First time weddings for the female (of course because men might have many) would go something like this.  The bride would be paraded through the village.  About 10pm, the grooms family (but not him) would go get her at her family compound and bring her to a mutual friends/ family compound.  That is when the father would give her away and the groom's family would promise to care for her.  About midnight, the female family members would take her to the husbands house where they would then be wed and stay together.  

For a first marriage the woman must stay in the husband's house for 7 days straight, not leaving and not having visitors but he can, of course.  For a second marriage of the female it is 3 days.  After that time period, her friends and family would come and decorate her room.  Here is a kicker - after the wedding night a counselor,  it is this persons actual job, would come visit the couple in the morning and ask them how everything went!

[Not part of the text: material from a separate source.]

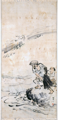 紙本淡彩 網打図
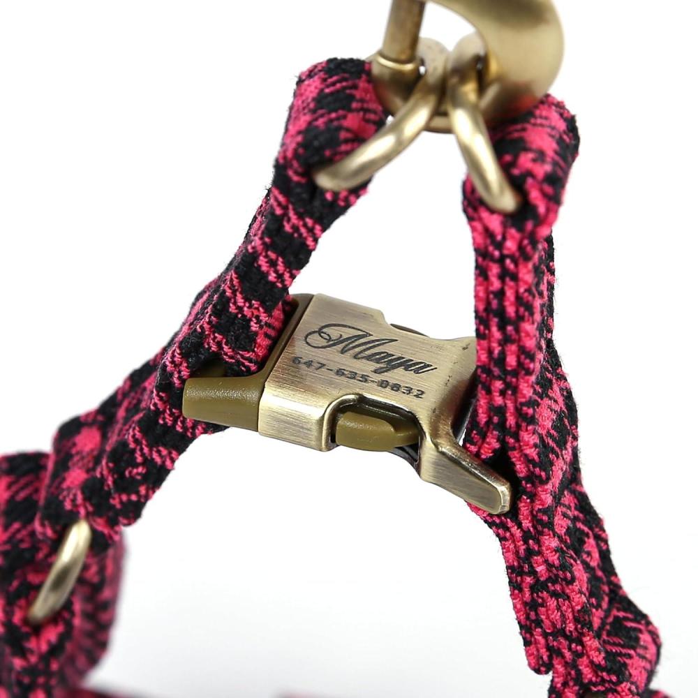 Customizable engraving: Personalize your dog's harness with engraved details on the brass buckle, be it their name, your contact information, or any text of your choice, ensuring they're always identifiable and safe.

And discuss it with each.  If the female had difficulty accepting her husband (which he said is often the case because they may only be 15-20 years old and are scared) the consular continues to come each morning until things are worked out!   

All in all, it was a fun time, but it was nice to get home and by that I mean our village.  It was awkward being in another village and with people we didn't know.  It's funny how I can say our village feels like ours and we truly enjoy it better than another.